• Saved data entries
......

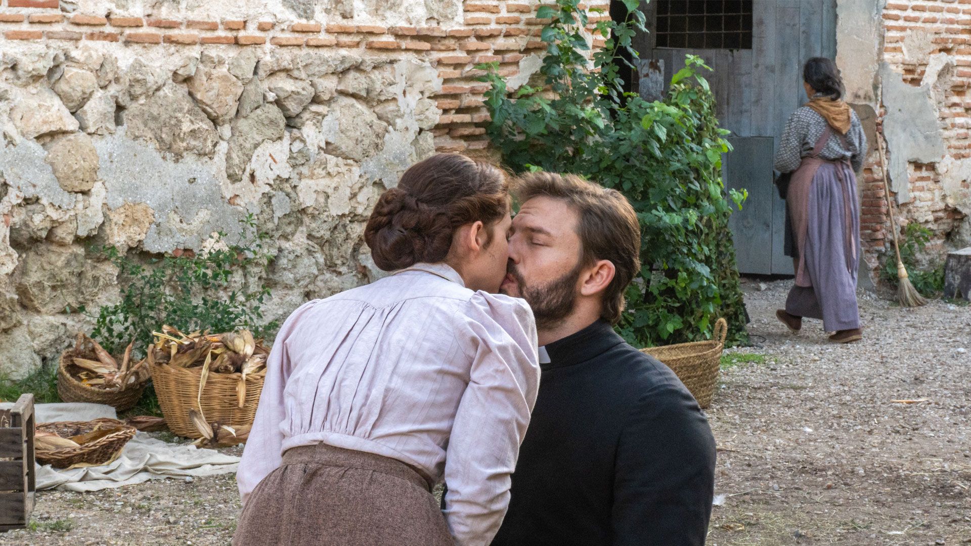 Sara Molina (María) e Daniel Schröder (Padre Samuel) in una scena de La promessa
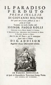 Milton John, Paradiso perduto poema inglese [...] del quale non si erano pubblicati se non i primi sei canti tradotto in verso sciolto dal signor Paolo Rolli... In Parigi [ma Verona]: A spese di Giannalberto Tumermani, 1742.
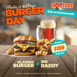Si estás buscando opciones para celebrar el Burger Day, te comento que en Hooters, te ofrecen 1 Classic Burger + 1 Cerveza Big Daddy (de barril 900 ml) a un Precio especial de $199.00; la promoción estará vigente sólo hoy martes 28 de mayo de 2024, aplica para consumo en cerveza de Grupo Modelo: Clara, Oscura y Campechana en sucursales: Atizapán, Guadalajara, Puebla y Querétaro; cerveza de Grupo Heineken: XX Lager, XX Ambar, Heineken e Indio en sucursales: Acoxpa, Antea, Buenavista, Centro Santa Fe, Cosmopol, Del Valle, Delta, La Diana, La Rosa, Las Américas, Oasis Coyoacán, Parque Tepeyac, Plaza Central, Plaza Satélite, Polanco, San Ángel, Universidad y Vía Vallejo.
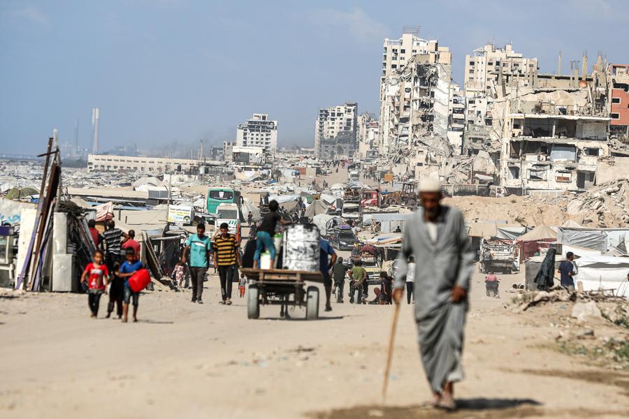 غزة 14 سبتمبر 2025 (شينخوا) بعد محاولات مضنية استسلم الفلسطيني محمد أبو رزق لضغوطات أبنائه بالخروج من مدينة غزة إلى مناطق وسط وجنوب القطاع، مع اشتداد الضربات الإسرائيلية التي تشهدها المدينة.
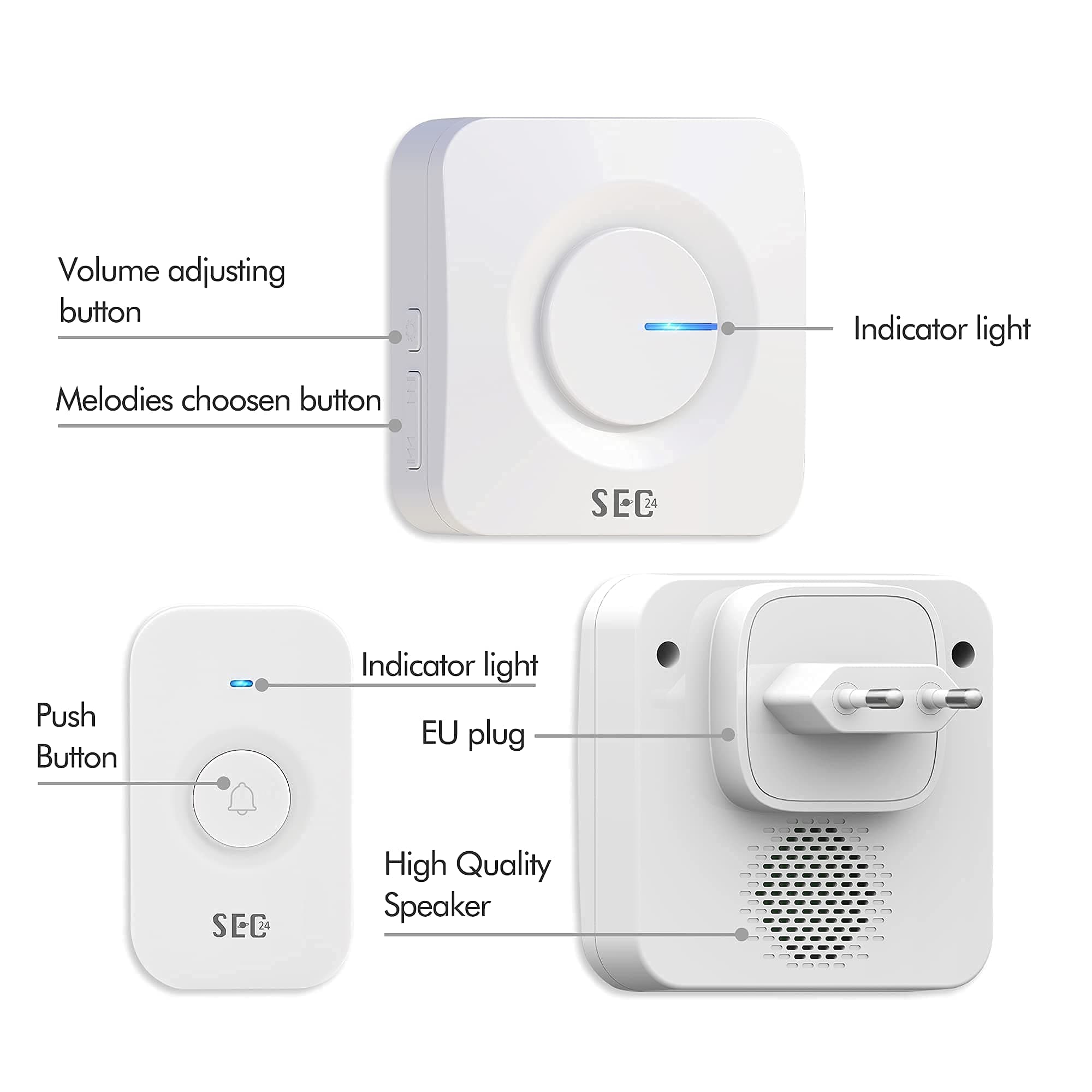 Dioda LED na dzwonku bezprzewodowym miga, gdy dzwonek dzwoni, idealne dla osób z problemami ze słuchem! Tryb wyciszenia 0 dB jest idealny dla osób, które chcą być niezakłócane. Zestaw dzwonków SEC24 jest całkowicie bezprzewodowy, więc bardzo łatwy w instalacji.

......

• Your assignment
The job is to copy all the records precisely while omitting any picture.

• Reply
 Sara Molina (María) e Daniel Schröder (Padre Samuel) in una scena de La promessa
 Milton John, Paradiso perduto poema inglese [...] del quale non si erano pubblicati se non i primi sei canti tradotto in verso sciolto dal signor Paolo Rolli... In Parigi [ma Verona]: A spese di Giannalberto Tumermani, 1742.
Si estás buscando opciones para celebrar el Burger Day, te comento que en Hooters, te ofrecen 1 Classic Burger + 1 Cerveza Big Daddy (de barril 900 ml) a un Precio especial de $199.00; la promoción estará vigente sólo hoy martes 28 de mayo de 2024, aplica para consumo en cerveza de Grupo Modelo: Clara, Oscura y Campechana en sucursales: Atizapán, Guadalajara, Puebla y Querétaro; cerveza de Grupo Heineken: XX Lager, XX Ambar, Heineken e Indio en sucursales: Acoxpa, Antea, Buenavista, Centro Santa Fe, Cosmopol, Del Valle, Delta, La Diana, La Rosa, Las Américas, Oasis Coyoacán, Parque Tepeyac, Plaza Central, Plaza Satélite, Polanco, San Ángel, Universidad y Vía Vallejo.
 غزة 14 سبتمبر 2025 (شينخوا) بعد محاولات مضنية استسلم الفلسطيني محمد أبو رزق لضغوطات أبنائه بالخروج من مدينة غزة إلى مناطق وسط وجنوب القطاع، مع اشتداد الضربات الإسرائيلية التي تشهدها المدينة.
 Dioda LED na dzwonku bezprzewodowym miga, gdy dzwonek dzwoni, idealne dla osób z problemami ze słuchem! Tryb wyciszenia 0 dB jest idealny dla osób, które chcą być niezakłócane. Zestaw dzwonków SEC24 jest całkowicie bezprzewodowy, więc bardzo łatwy w instalacji.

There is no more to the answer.